**Action item:** Restate word for word the lines of the records below, starting at the line that contains "참가규정 안내문 참고" and ending at the line that contains "4-i-1 Elektrisk ansigtsbørste", with both of those lines included and nothing else.

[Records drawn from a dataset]
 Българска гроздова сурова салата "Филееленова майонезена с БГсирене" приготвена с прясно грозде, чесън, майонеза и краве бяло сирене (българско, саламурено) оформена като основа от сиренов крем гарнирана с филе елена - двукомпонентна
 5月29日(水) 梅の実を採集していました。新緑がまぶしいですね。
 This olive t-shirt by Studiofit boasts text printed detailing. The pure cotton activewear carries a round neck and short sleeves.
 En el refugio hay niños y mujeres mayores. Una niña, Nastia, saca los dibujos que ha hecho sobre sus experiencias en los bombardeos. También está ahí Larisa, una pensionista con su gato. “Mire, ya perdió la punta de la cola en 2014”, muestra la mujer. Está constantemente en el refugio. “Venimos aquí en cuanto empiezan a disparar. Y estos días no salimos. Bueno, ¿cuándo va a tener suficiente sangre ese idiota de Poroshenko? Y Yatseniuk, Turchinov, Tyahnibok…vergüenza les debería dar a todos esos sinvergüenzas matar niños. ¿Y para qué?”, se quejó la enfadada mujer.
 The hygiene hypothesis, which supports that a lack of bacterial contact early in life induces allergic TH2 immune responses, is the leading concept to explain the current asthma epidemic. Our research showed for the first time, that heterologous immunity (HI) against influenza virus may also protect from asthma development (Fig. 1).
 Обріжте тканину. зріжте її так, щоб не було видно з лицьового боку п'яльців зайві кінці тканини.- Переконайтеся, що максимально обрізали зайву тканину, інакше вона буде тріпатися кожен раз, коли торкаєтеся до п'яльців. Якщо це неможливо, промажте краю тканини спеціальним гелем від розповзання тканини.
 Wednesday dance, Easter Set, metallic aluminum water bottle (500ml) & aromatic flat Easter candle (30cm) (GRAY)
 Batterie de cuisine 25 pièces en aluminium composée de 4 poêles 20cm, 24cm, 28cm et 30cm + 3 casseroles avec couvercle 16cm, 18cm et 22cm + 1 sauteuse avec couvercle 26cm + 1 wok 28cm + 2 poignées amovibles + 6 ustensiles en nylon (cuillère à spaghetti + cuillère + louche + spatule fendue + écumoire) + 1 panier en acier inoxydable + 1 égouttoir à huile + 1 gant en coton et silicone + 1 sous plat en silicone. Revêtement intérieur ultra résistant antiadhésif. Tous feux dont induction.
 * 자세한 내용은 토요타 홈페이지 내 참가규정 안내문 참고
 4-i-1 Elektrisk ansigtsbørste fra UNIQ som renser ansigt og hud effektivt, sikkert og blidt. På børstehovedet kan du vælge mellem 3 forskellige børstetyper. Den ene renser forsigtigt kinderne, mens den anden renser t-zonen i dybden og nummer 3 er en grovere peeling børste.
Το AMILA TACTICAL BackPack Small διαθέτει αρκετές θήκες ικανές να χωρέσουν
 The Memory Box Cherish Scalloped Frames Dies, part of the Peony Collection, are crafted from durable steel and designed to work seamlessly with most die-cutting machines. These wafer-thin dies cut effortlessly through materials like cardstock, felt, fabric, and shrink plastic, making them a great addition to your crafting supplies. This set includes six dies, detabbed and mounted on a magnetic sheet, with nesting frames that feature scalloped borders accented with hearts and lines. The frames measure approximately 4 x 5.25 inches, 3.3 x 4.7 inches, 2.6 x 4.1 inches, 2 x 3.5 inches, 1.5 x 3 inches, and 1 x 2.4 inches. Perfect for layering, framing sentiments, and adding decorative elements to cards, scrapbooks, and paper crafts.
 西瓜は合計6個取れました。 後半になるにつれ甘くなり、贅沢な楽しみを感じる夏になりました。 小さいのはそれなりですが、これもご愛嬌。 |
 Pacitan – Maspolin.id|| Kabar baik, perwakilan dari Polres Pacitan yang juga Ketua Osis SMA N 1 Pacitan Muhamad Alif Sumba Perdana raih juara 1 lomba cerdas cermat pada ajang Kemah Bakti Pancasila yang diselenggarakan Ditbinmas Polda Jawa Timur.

**Exercise response:**
 * 자세한 내용은 토요타 홈페이지 내 참가규정 안내문 참고
 4-i-1 Elektrisk ansigtsbørste fra UNIQ som renser ansigt og hud effektivt, sikkert og blidt. På børstehovedet kan du vælge mellem 3 forskellige børstetyper. Den ene renser forsigtigt kinderne, mens den anden renser t-zonen i dybden og nummer 3 er en grovere peeling børste.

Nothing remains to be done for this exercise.